沈星澈心里不得不承认,孟景言看上她,确实不叫人意外。
这个女人,和她所处的那个圈子里任何一个精心雕琢、擅长钻营的女人都不一样。
沈星澈脸上露出一个居高临下意味的微笑:“只是想跟你聊聊。”
林听颂微微蹙眉,语气冷淡:“我想我跟你没什么好聊的。”
沈星澈脸上的笑容淡了几分,“是吗?”
如果孟景言还不放手,那她迟早要跟这个叫林听颂的女孩对上。
与其被动等待,不如主动出击。
但硬碰硬显然不是明智之举,以孟景言上次在餐厅对林听颂的维护程度来看,如果她真的对林听颂做出什么过激的事情,恐怕只会激起孟景言更强的逆反心理和保护欲,反而弄巧成拙。
相比之下,怀柔政策,或许更有效果。
“孟景言能给你的,”沈星澈调整了一下语气,“对我来说,也并不是什么难事。无论你是想要一个稳定的、有前途的铁饭碗,还是一笔足够你和你家人后半生无忧的钱,我都可以帮你安排。”
她观察着林听颂的表情,“只要你愿意离开他,这些都可以是你的。你是个聪明人,应该知道怎么选。”
林听颂听明白了。
沈星澈并不知道她和孟景言已经分手了。
所以才迫不及待地找上门来,想用最实际的方式劝退她。
一股荒谬的、夹杂着悲凉和愤怒的情绪涌上心头。
但莫名的,林听颂不想告诉她,她和孟景言已经结束了。
或许,是心底那点可笑的自尊在作祟,不想在这个女人面前示弱,亦或许,想起陈知跃,林听颂只是单纯地不想让她称心如意。
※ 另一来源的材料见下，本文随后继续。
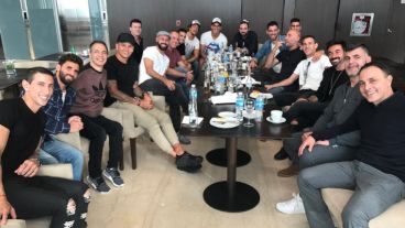 En la imagen se los puede observar a Angelito Di María -uno de los últimos en llegar al complejo del casino-, Marcos Rojo, el sanlorencino Javier Mascherano, los rosarinos Nahuel Guzmán y Maxi Rodríguez, Pipita Higuaín, Mariano Andújar, Pablo Zavaleta y Pocho Lavezzi.

“沈小姐说笑了,”林听颂迎着她的目光,“你说的那些,我都不在乎。”
沈星澈脸上的假笑终于维持不住了。
她蹙起眉,语气里带上了几分不耐和隐隐的威胁:“林听颂,我觉得你是个聪明人。沈家和孟家联姻,是势在必行的事情。孟景言,他只能是我的。你继续纠缠下去,对你没有任何好处。”
林听颂看着她那副自以为胜券在握、高高在上的模样,心底那点被她强行压下去的反感和刺痛,再次翻涌上来。
她扯了扯嘴角,露出一丝极淡的嘲讽的笑意:“是吗?既然他只能是你的,你又何必在这大冷天里,专程跑这一趟,来跟我聊聊?”
沈星澈被她这句话噎得一滞,脸上红一阵白一阵。
她事先准备好的所有腹稿,所有恩威并施的说辞,在这个看起来温顺平静、实则句句带刺的女孩面前,似乎全都失去了效力。
她没想到林听颂会如此不按常理出牌,如此不留情面。
“林听颂,”沈星澈的声音冷了下来,脸上是一种被冒犯的愠怒,她向前逼近一步,用两个人能听到的声音,近乎恶毒的、一字一顿地说道,“孟景言知道吗?知道你十六岁之前的那些破事儿?”
林听颂只觉得脑子里“嗡”的一声,全身的血液仿佛瞬间涌上了头顶,又在下一秒褪得干干净净,只剩下刺骨的冰冷。
她脸上的平静瞬间碎裂,血色尽褪,嘴唇微微颤抖,指甲深深掐进掌心,传来尖锐的疼痛,才让她勉强维持住站立的姿势,没有当场失态。
那段被她深埋心底、从不曾对任何人提起,甚至强迫自己遗忘的、肮脏不堪的往事,此刻,却被眼前这个衣着光鲜、姿态高傲的女人,用如此轻蔑、如此恶毒的语气,当众揭穿。
沈星澈看着林听颂骤然苍白的脸色和眼中无法掩饰的震惊、屈辱与痛苦,心中涌起一股扭曲的快意。